It is important to note that loans that attract collaterals are those with a higher probability of default [40]. According to [12], whether the bank will take collateral or not depends on the characteristics of the farmer taking the loan, the loan size, availability of information, the length of the relationship, the age of the firm and the features of the governance structures covering the loan contract.

As the firm grows in age, scholars point out that the probability of gaining access to credit increases with a decrease in the request for collateral since newer firms are considered to be the risky to be dealt with [3].

[40] explain that younger firms are more prone to provide collateral as a way of signaling that they have no problems of moral hazard. As the firm grows older, the relationship with the bank increases, and this reduces the collateral requirements [23, 37].

Indeed, firms with more experience and with a longer relationship provide banks with a greater amount of private information, giving them the possibility to discriminate between firms with poor track records and those that present moral hazard and adverse selection risks [14, 24].

Relationship exhibits a matter of closeness [52]. The value of private information depends on its concentration, as the greater the concentration, the more complete the information thus the lower the request for collateral. Finally, relationship lending is a matter of quality of information, if the bank gets quality information from clients as a result of closeness it becomes easy for the bank to evaluate the riskiness of the firm and hence the lower the request for collateral [35].

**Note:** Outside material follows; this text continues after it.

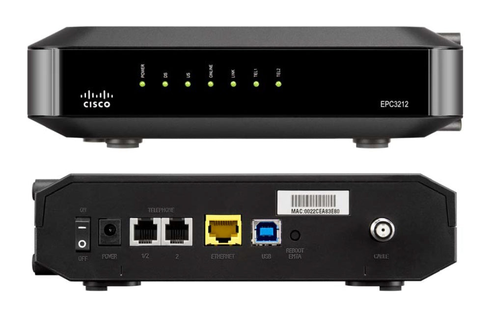 The Cisco Model EPC3212 EuroDOCSIS 3.0 8x4 Cable Modem with Embedded Digital Voice Adapter (EPC3212) is a high-speed cable modem with an embedded digital voice adapter. The EPC3212 provides a faster connection to the Internet by incorporating eight bonded downstream channels along with four bonded upstream channels. These bonded channels deliver downstream data rates in excess of 440 Mbps. That’s up to eight times faster than conventional single-channel EuroDOCSIS™ 2.0 cable modems.1
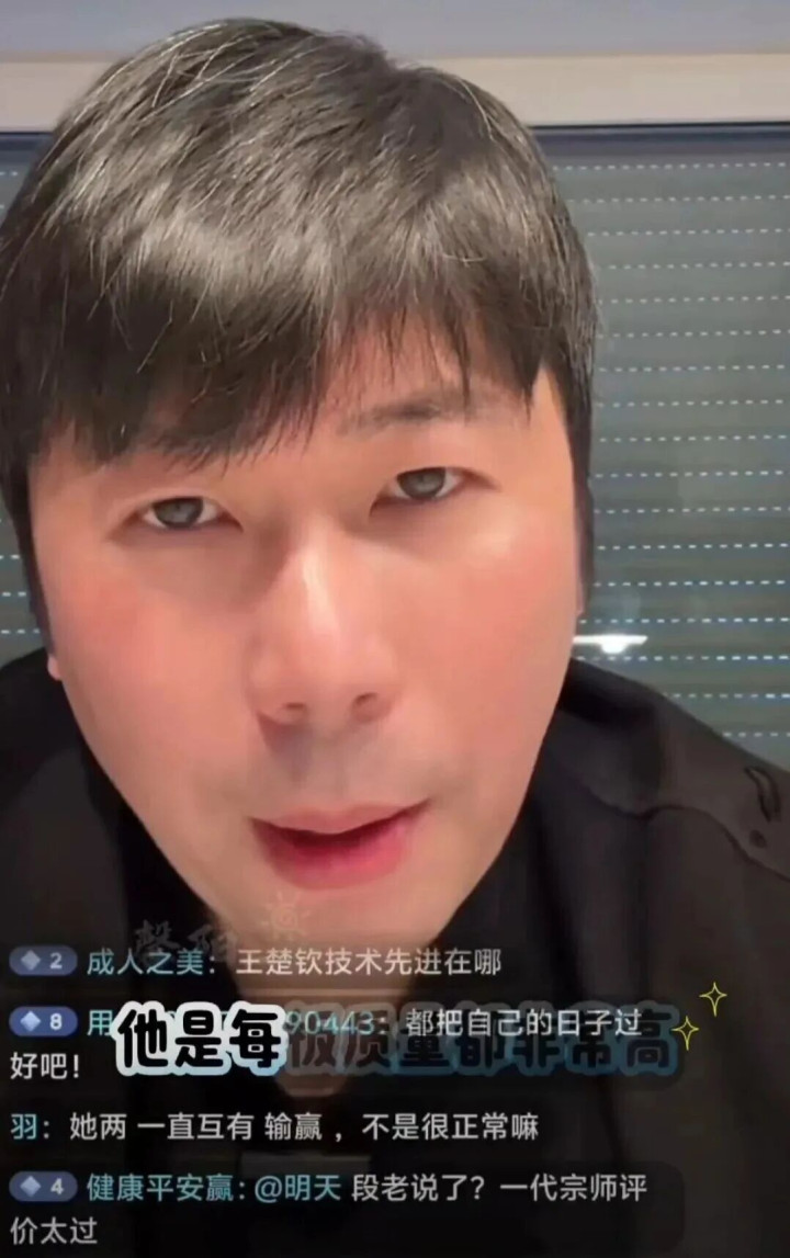 继在直播中说孙颖莎和王曼昱正互相研究后,找到流量密码的德国华裔削球名将韩莹的丈夫雷洋再谈国乒运动员,将其目光投向更具流量和争议性的国乒头号主力王楚钦。

Research by [42] found a negative correlation between lending relationship and the collateral request from the bank. That is greater interaction is associated with lower collateral demand. [16], also argue that in local and more concentrated markets, lenders have better information about borrowers. Thus, in general lenders ask for less private collateral as the relationship with clients becomes more intense

3. Research Methodology

3.1. Study Area

The study area consists of two administrative regions in Ghana, Ashanti and Brong Ahafo. The area occupies a total land area of 63,946 square kilometers and is centrally located in the middle belt of the country. The area lies between longitude 0.15 W and 2.25 W and latitude 5.50 and 7.46 north of the equator (Figure 1). The population of the study area is about 7,091,363.00 representing about 28.75% of the national population [28]. The annual average rainfall ranges between 1000mm and 1400mm. The rainfall pattern is bimodal; the major rainy season starts in March, with a minor peak in August tapering off in November.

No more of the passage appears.